Fake News? Das ist doch ein alter Hut

Der Begriff „Fake News“ ist in aller Munde. In einem kurzen Erklärvideo fragt sich jetzt sogar die Tagesschau wie „gefährlich Fake News“ sind.

– Jens Berger

Wir haben die Antwort: Fake News können extrem gefährlich sein und sind für Millionen Todesopfer verantwortlich. Als besonders gefährlich haben sich dabei jedoch die „Fake News“ herausgestellt, die nicht nur über die Sozialen Medien, sondern über die klassischen Medien verbreitet werden.

Gefährlich, gefährlich; da hat offenbar ein Mann in einer Pizzeria in Washington um sich geschossen. Warum? Weil er einer Falschmeldung aus den sozialen Netzwerken geglaubt hat, nach der niemand anderes als Hillary Clinton in genau dieser Pizzeria einen Kinderpornoring betreibt. Solche Meldungen kommen heutzutage nicht nur in den Nachrichten, sondern treiben zahlreiche Kollegen der „seriösen“ Medien sogar zu sehr ernsten Gedanken. Was man früher als Ente oder Falschmeldung bezeichnet hat, wird heute „Fake News“ genannt und ist das Thema der Stunde.

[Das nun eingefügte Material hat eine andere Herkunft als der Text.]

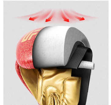
3D Reaction™ Foam Superior Shock Absorption and Explosive Power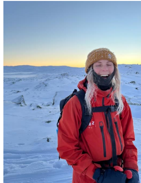
Photo: enjoying my frozen eyelashes while out on a back country ski touring

The university in Bergen was well equipped, very accommodating to exchange students and overall was a very enjoyable university experience. The Norwegian people are very kind and willing to lend a helpful hand and they love kiwis! I recommend the challenge of a non-English speaking country, I feel I gained valuable cultural knowledge from

Ja, wie gefährlich können solche „Fake News“ sein, liebe Kollegen? Ein kurzer Blick auf die jüngere Geschichte zeigt, warum die Sorge mehr als berechtigt ist. 1990 meldeten beispielsweise fast alle Zeitungen und Fernsehsender, dass irakische Soldaten im besetzten Kuwait Säuglinge aus Brutkästen rissen und auf dem kalten Boden elendig verrecken ließen. Die Nachricht schlug ein, die „Weltgemeinschaft“ war empört und George Bush konnte seine lang geplante Invasion des Irak starten. Was folgte, war der erste Irakkrieg, Sanktionen und rund 1.500.000 Tote. Später kam heraus, dass die Story eine astreine PR-Lüge der Agentur Hill & Knowlton im Auftrag der kuwaitischen Exil-Regierung war. Eine Falschmeldung oder „Fake News“, wie man heute so schön sagt.

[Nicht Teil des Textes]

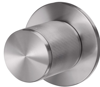
Shown in steel

The Linear Pattern Pre-Drilled Passage Door Knob Set is refined by hand and features a linear knurl pattern. Intended for interior doors. Includes two knobs and an 8mm square spindle. Fits doors with a minimum of 1.375 inch thickness. Tubular latch sold separately. Black: Made from Aluminum and then anodized to give a deep Black finish. Brass: Made from precision-machined solid brass and finished with two layers of durable satin lacquer. This finish will age slowly, moving from radiant brass to deeper and golden within a few years. Smoked Bronze: This is a living finish, meaning the more it is used the more the base Brass will show through. It will age with you. Steel: Made from solid stainless steel and refined by hand. Steel is Buster + Punch's most durable finish and will remain the same for years to come.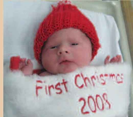
Pictured is a newborn at HCHC going home in her fleece Christmas stocking and knitted cap given by the HCHC Auxiliary.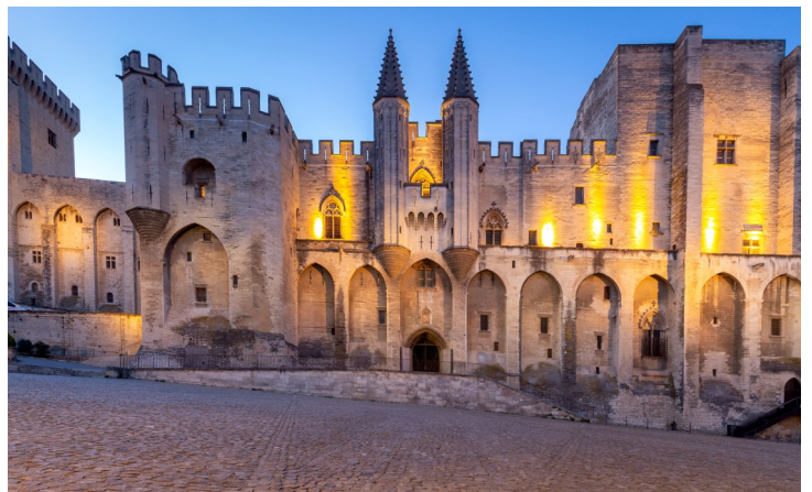
Palais des Papes in Avignon, France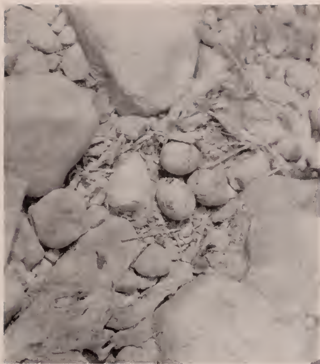
Fig. 193. Nest and eggs of common tern on Long Island. August 2, 1929.

Fast zehn Jahre später, im April 1999, zeigten auch deutsche Medien, wie man folgenreiche „Fake News“ unters Volk bringt. Im Kosovo verfolgten die Serben einen „Hufeisenplan“; Kosovaren würden in Katakomben zusammengetrieben, nun müsse die Menschheit ein „zweites Auschwitz“ verhindern. Auch in der Tagesschau liefen diese Meldungen, so wie im SPIEGEL und allen anderen so „seriösen“ Qualitätsmedien. Die Deutschen glaubten die Meldungen, waren empört und die rot-grüne Regierung konnte das Volk auf den ersten deutschen Angriffskrieg seit 1945 einstimmen. Der Wahrheitsgehalt dieser Meldungen? Es war Lügen, „Fake News“, die rund 13.000 Opfer forderten.

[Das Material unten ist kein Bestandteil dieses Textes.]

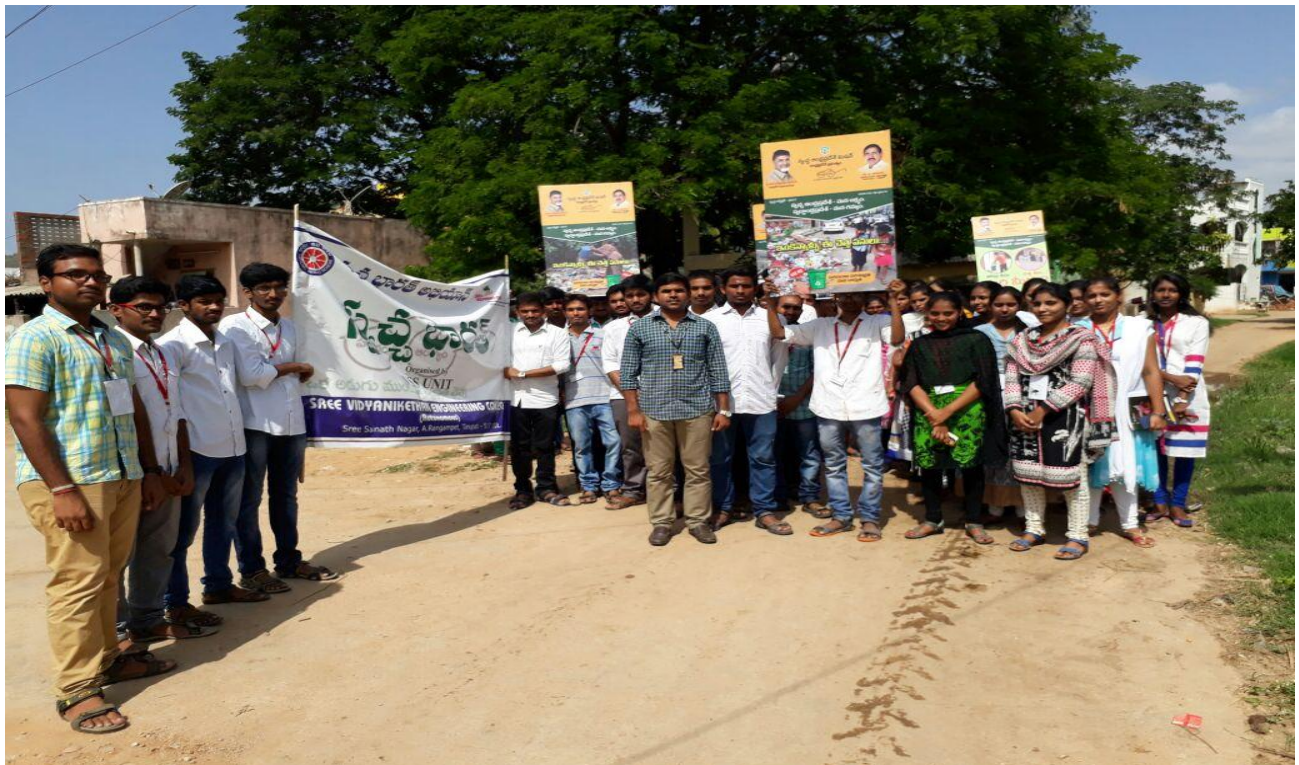
Volunteers Conducted Rally in the adopted village on the theme of Swachh Bharath

Dass „Fake News“ auch von allerhöchster Stelle kommen können, bewies US-Außenminister Colin Powell am 5. Februar 2003 vor dem UN-Sicherheitsrat. Faktenreich – heute würde man wohl eher „postfaktisch“ sagen – legte er dort Beweise vor, aus denen klipp und klar hervorging, dass Irak Massenvernichtungswaffen besitzt. Und da die Quelle ja über jeden Zweifel erhaben war, zeigten die Medien weltweit Powells PowerPoint-Folien und lieferten Bush jr., Blair und ihrer „Koalition der Willigen“ damit die Rückendeckung für den Zweiten Irakkrieg. Massenvernichtungswaffen wurden nicht gefunden, Powells „Beweise“ waren Fälschungen, die Berichte darüber „Fake News“. Nur dass diese „Fake News“ nicht nur die Deckenverkleidung einer Washingtoner Pizzeria, sondern rund 500.000 Menschenleben auslöschten.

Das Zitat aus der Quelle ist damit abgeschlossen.